De quelques relevés discographiques de la planète LACY...

The Cry

De major en micro companies, un rapide tour d'horizon des dernières parutions discographiques documentant le travail de Steve Lacy permet non seulement de mesurer la vitalité créative du sopraniste, mais aussi d'évaluer l'intérêt que l'on porte justement à ses travaux des dernières décennies. On pourra ainsi retenir des sorties de l'année écoulée quelques recueils particulièrement intéressants : publié par Soul Note, The Cry (SN 121315-2) est un double album consacré aux poèmes de Taslima Nasrin qu'il faut ranger aux côtés des tout meilleurs disques de Jazzpoetry réalisés par Lacy (je pense ici aux Songs avec Gysin, aux Futurities avec Creeley, aux Vespers avec Dimitrova, ou à la Tao Suite de The Way d'après Lao Tseu ; quant aux Treize Regards, sur des textes de Tsvetaeva, déjà radiodiffusés, ils n'attendent qu'un éditeur courageux... On trouvera d'ailleurs ces textes, au milieu d'autres, dans le volume publié en octobre dernier chez Gallimard, collection Poésie, sous le titre Le ciel brûle). Créé dans des conditions peu propices (il avait été donné, " par défaut ", au Dunois parisien en avril 1997, cf. compte rendu de Jacques Oger), ce cycle offre, sur scène, un spectacle auquel il ne manque que des danseurs : les treize poèmes de l'auteur du Bangladesh évoquent la douloureuse conquête féminine d'une vie libre ; mis en musique, ils sont interprétés avec une minutie d'orfèvre(s) par un groupe original réuni autour du sopraniste.
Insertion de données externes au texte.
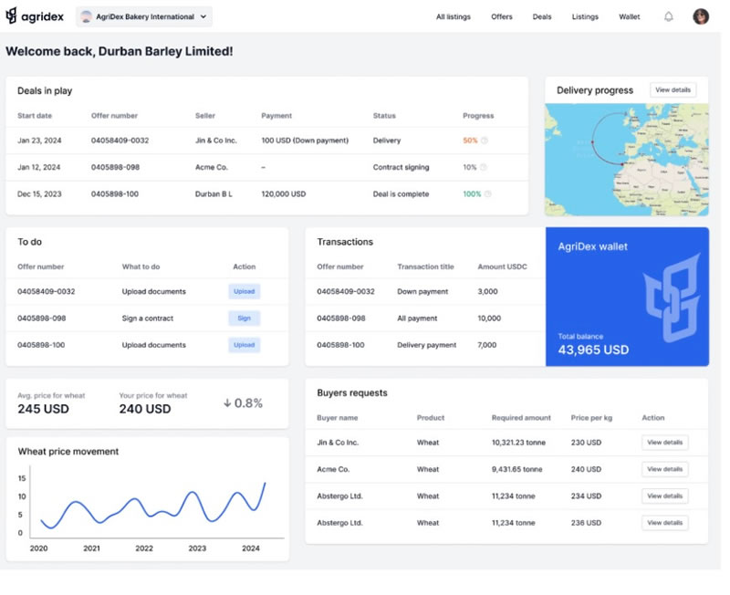agridex 的功能包括一个用于实时跟踪交易、付款、运输和缺失要求的仪表板,提供可操作的见解。买方和卖方可以自定义贸易条款,确保满足个体需求的灵活性。

On retrouve, dans une combinaison inédite de timbres, le clavecin de Petia Kaufman et l'accordéon de Cathrin Pfeifer, la voix d'Irène Aebi avec les saxes soprano, sopranino et la clarinette basse de Tina Wrase, la fidèle et toujours inventive contrebasse de Jean-Jacques Avenel avec les percussions de Daniel " Topo " Gioia. Les thèmes, d'inspirations variées, tantôt majestueusement poignants, tantôt enlevés, permettent breaks compacts d'improvisation et plages plus méditatives. Atypique et typique de l'art lacyen, un recueil à haute densité poétique, indispensable.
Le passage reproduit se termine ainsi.